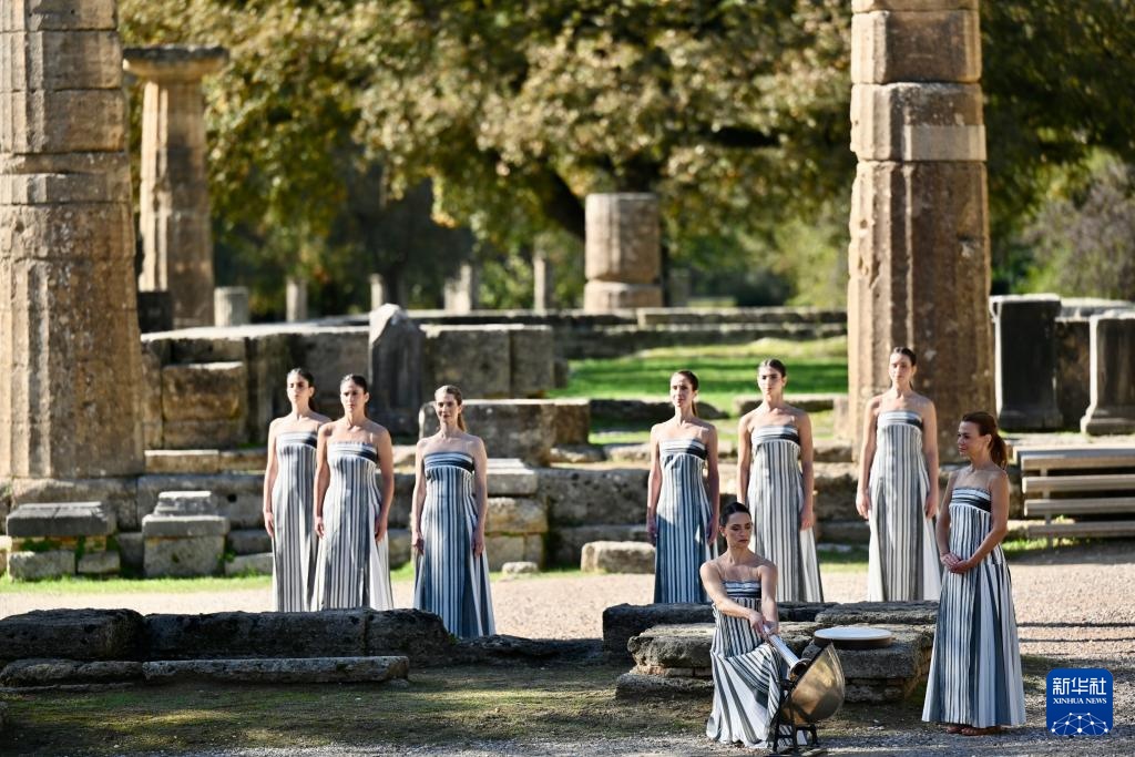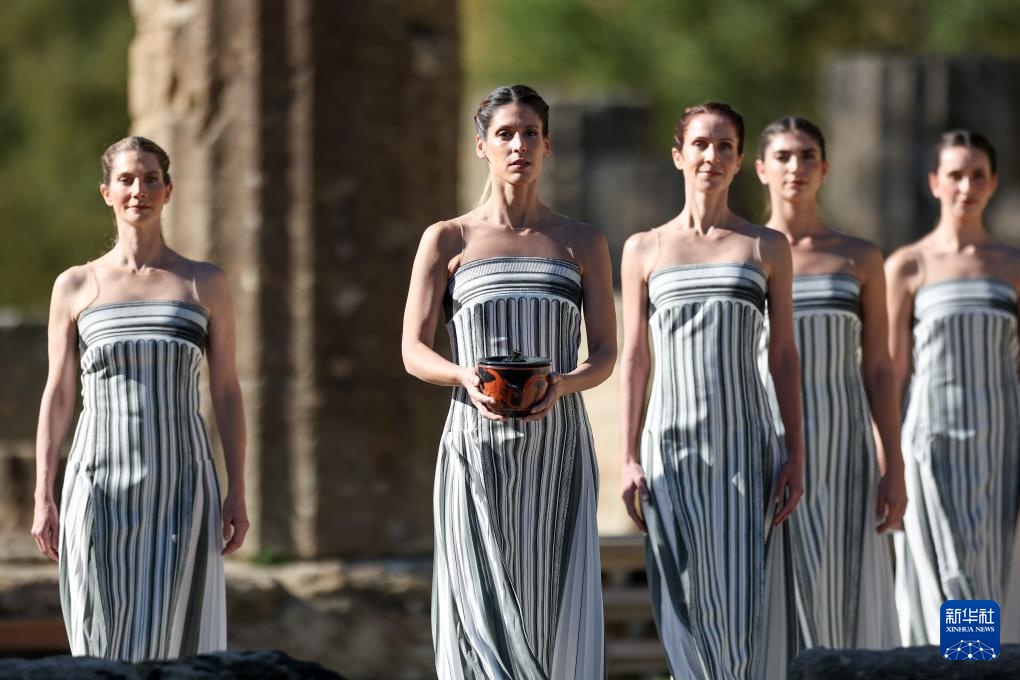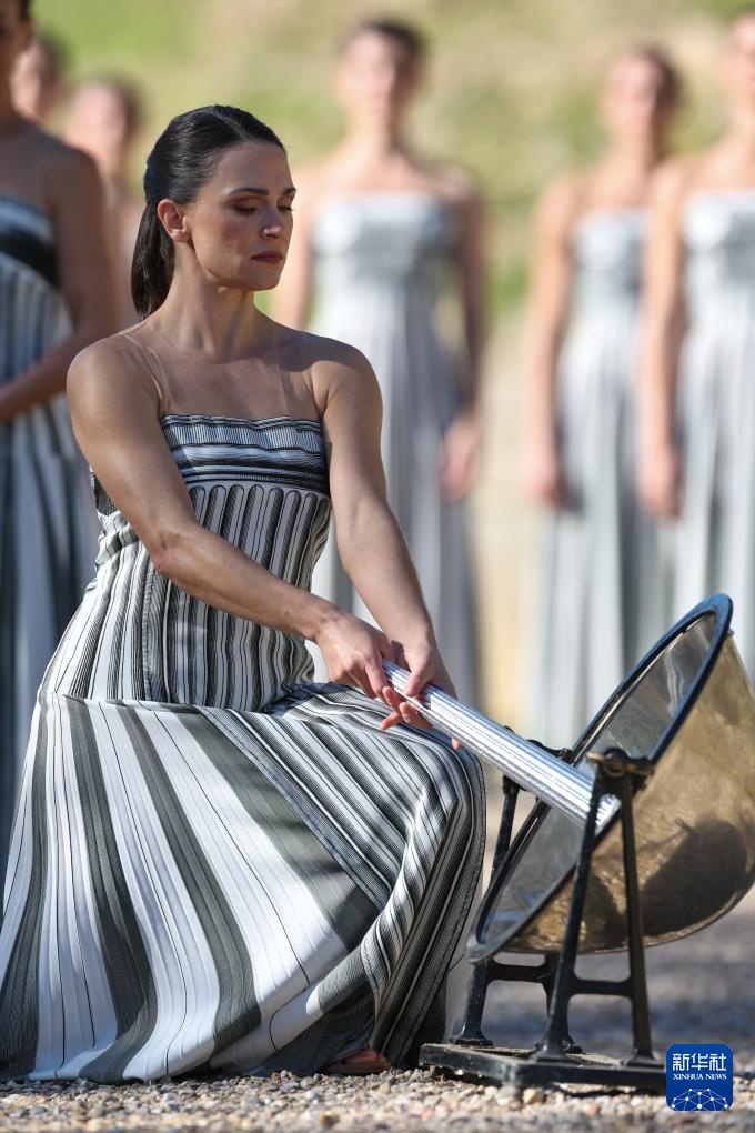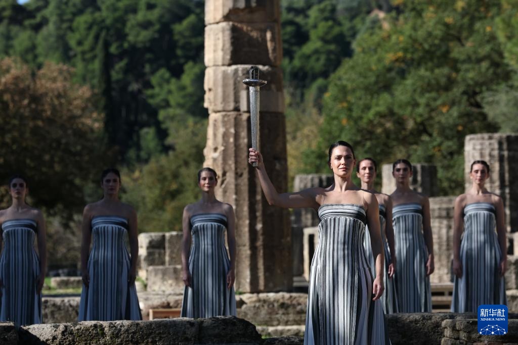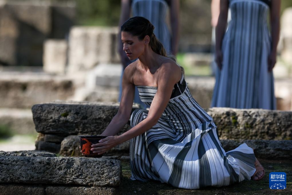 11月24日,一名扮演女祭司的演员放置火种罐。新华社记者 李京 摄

...

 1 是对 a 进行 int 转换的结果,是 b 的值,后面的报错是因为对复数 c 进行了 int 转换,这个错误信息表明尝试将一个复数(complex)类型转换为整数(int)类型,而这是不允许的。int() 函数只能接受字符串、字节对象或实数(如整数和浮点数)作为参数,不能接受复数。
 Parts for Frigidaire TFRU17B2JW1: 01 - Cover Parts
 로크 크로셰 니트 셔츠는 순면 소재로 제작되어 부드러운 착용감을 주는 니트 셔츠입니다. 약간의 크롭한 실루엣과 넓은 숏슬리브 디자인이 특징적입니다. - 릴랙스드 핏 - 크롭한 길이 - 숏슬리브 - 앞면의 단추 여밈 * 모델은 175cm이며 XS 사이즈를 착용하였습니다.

**TASK DIRECTIONS**
Reproduce exactly the entries above, limited to the lines from the one with "1 是对 a 进行 int" through the one with "로크 크로셰 니트 셔츠는", both included.

**WRITTEN ANSWER**
 1 是对 a 进行 int 转换的结果,是 b 的值,后面的报错是因为对复数 c 进行了 int 转换,这个错误信息表明尝试将一个复数(complex)类型转换为整数(int)类型,而这是不允许的。int() 函数只能接受字符串、字节对象或实数(如整数和浮点数)作为参数,不能接受复数。
 Parts for Frigidaire TFRU17B2JW1: 01 - Cover Parts
 로크 크로셰 니트 셔츠는 순면 소재로 제작되어 부드러운 착용감을 주는 니트 셔츠입니다. 약간의 크롭한 실루엣과 넓은 숏슬리브 디자인이 특징적입니다. - 릴랙스드 핏 - 크롭한 길이 - 숏슬리브 - 앞면의 단추 여밈 * 모델은 175cm이며 XS 사이즈를 착용하였습니다.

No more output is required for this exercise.